Korzystam z funkcji auto.arima () w pakiecie prognozy , aby dopasować modele ARMAX do różnych zmiennych towarzyszących. Jednak często mam dużą liczbę zmiennych do wyboru i zwykle kończę na ostatecznym modelu, który działa z ich podzbiorem. Nie lubię technik ad hoc do wybierania zmiennych, ponieważ jestem człowiekiem i podlegam tendencyjności, ale szeregi czasowe walidacji krzyżowej są trudne , więc nie znalazłem dobrego sposobu na automatyczne wypróbowanie różnych podzbiorów moich dostępnych zmiennych, i Utknąłem strojenie moich modeli przy użyciu własnego osądu.

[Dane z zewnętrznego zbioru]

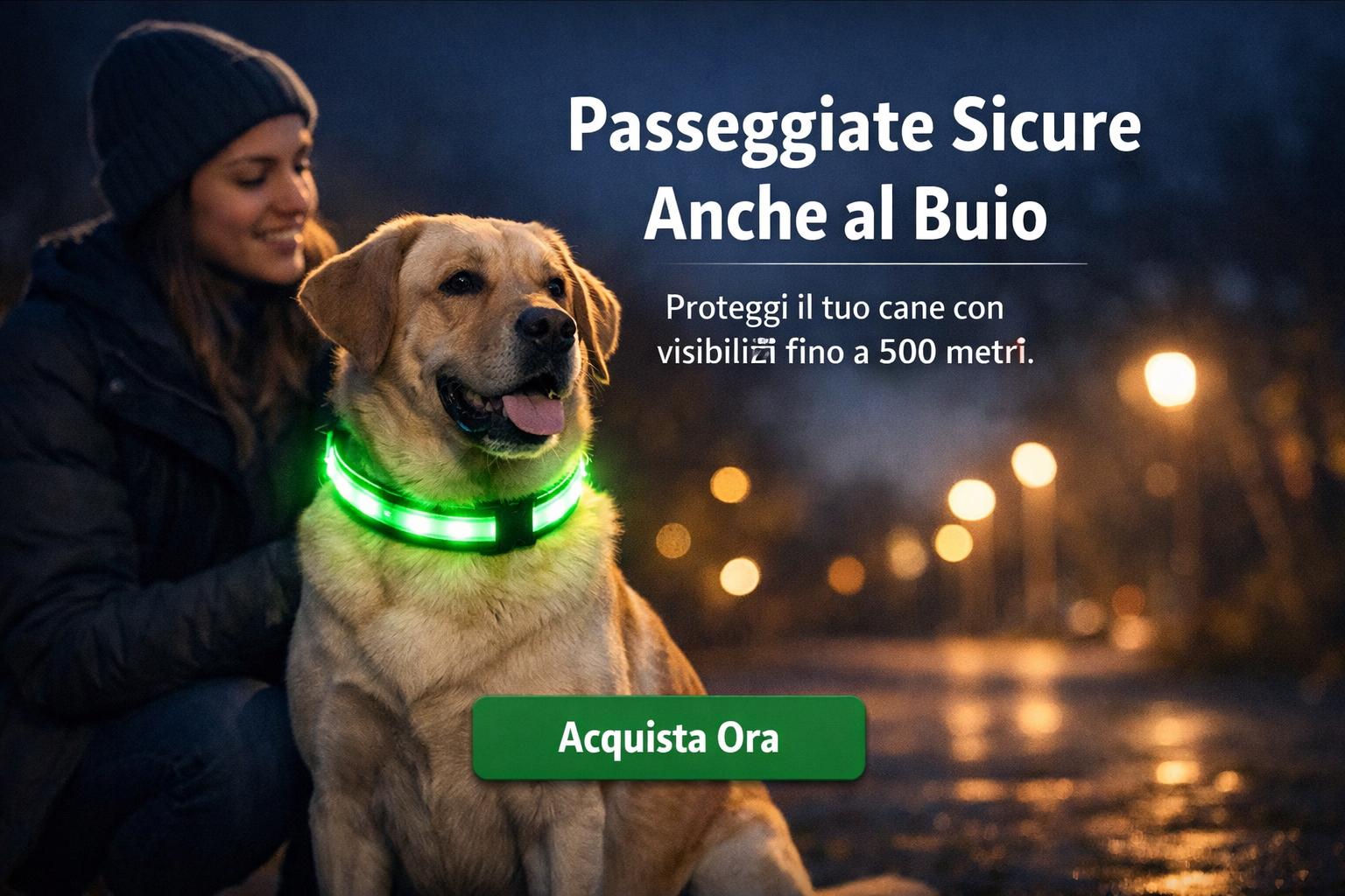 Collare LED Ricaricabile per Cane – Alta Visibilità Notturna

Kiedy pasuję do modeli glm, mogę użyć elastycznej siatki lub lasso do regulacji i wyboru zmiennych za pośrednictwem pakietu glmnet . Czy w R istnieje istniejący zestaw narzędzi do korzystania z elastycznej siatki w modelach ARMAX, czy też będę musiał rzucić własną? Czy to w ogóle dobry pomysł?
edycja: Czy miałoby sens ręczne obliczanie warunków AR i MA (powiedzmy do AR5 i MA5) oraz użycie glmnet do dopasowania do modelu?
edycja 2: Wygląda na to, że pakiet FitAR zapewnia mi część, ale nie całą drogę.
forecast
pakietu dla R. Powiedział, że byłoby to trudne z pełną wersją ARIMA, ponieważ będziesz musiał owinąć lasso wokół nieliniowego optymalizatora ARIMA. Jednym częściowym rozwiązaniem byłoby dopasowanie modelu AR za glmnet
pomocą zmiennych opóźnionych. O ile mi wiadomo, nikt jeszcze tego nie zrobił z pełnym modelem ARIMA.